Province de Luxembourg (B): Campagne «gay friendly» pour 14 communes

International 2 min. 20.02.2017

Province de Luxembourg (B): Campagne «gay friendly» pour 14 communes

Anne FOURNEY
Anne FOURNEY
14 des 44 communes de la province de Luxembourg en Belgique ont rejoint la campagne «gay friendly»

Par Nadia Lallemant

Les phénomènes de discrimination et de stigmatisation envers les lesbiennes, gays, bisexuel(les), et transgenres, sont encore bien présents aujourd’hui, en particulier en province de Luxembourg, où la densité de population est moindre.

A l'heure du premier bilan, dressé après un an à Vielsalm, commune partenaire, les différents intervenants ont souligné qu’il restait encore beaucoup à faire pour changer les mentalités. «Nous avons contacté les 44 communes de la province de Luxembourg pour les inviter à rejoindre la campagne », a précisé Marie-Ange Cornet, la directrice de la Maison Arc-en-Ciel.

« A la suite de ces contacts, 14 communes ont adhéré au projet.

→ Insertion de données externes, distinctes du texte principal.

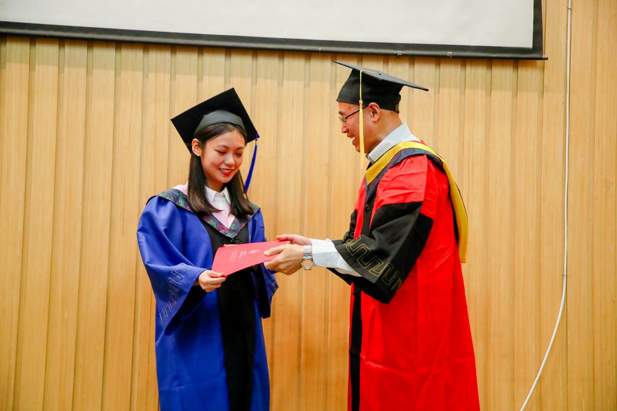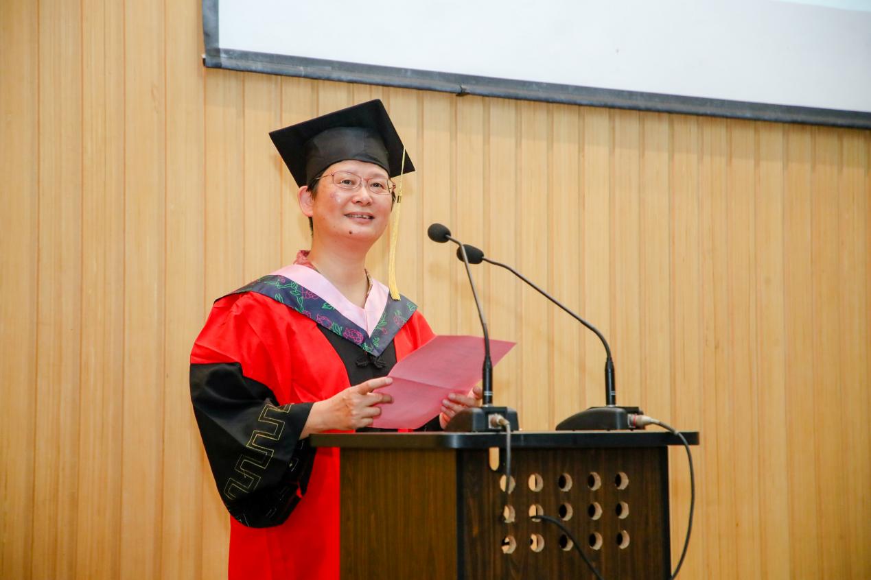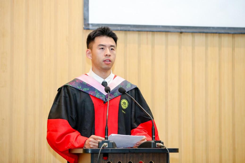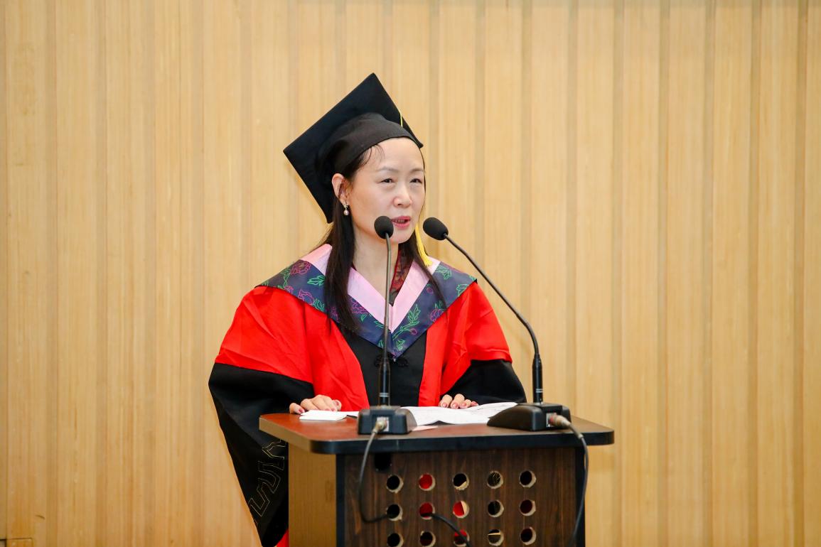 钟晓华副教授祝贺在座同学经过数年的勤奋学习和各种艰难与波折,从此开启人生新篇章。无论前方的道路如何曲折,各位毕业生都要坚持自己的信念和价值观,不断前行,不断成长。无论何时何地,都要保持对自我提升的追求,对世界的热爱,对生命的尊重。愿各位同学都能成为愿意合作的人、愿意付出的人、愿意释放善意的人,为他人和社会创造更大的价值。

Ces relais de première ligne nous ont permis d’aller plus facilement à la rencontre des commerces, services et hébergements. »

Une première en Wallonie

La campagne « gay-friendly » est une première en Wallonie. Elle a été lancée en janvier 2016, à l’initiative de la Maison Arc-en-Ciel de Virton, avec le soutien du Centre d’Action Laïque et de la députée provinciale Nathalie Heyard. Elle se poursuit avec l’objectif de permettre à ces personnes de vivre ouvertement leur homosexualité ou leur identité de genre.

L’animateur de la Maison Arc-en-Ciel, a, jusqu’à présent, sillonné 12 communes dont 10 « gay-friendly ». Sur les 673 commerçants, gérants, responsables de services ou propriétaires d’hébergements rencontrés, 430 ont répondu favorablement.

66% ont placé un autocollant «gay friendly» en vitrine

«Environ 66 % des personnes rencontrées ont accepté d’apposer l’autocollant « gay-friendly » en vitrine tout en regrettant qu’une telle campagne soit nécessaire encore à notre époque », a souligné Stany Gentgen, animateur. «Les refus ont été motivés de diverses manières. Certains ont dit qu’ils préféraient rester neutres. D’autres, ont répondu qu’ils refusaient de soutenir cette communauté ou encore qu’ils risquaient de perdre, à cause de cet autocollant, une partie de leur clientèle. »

La Maison Arc-en-Ciel va poursuivre ses contacts avec l’objectif d’obtenir le soutien des 30 autres communes. Un objectif qu’elle espère atteindre d’ici le 17 mai prochain, journée mondiale de lutte contre l’homophobie. A cette occasion, elles pourront recevoir gratuitement un drapeau arc-en-ciel.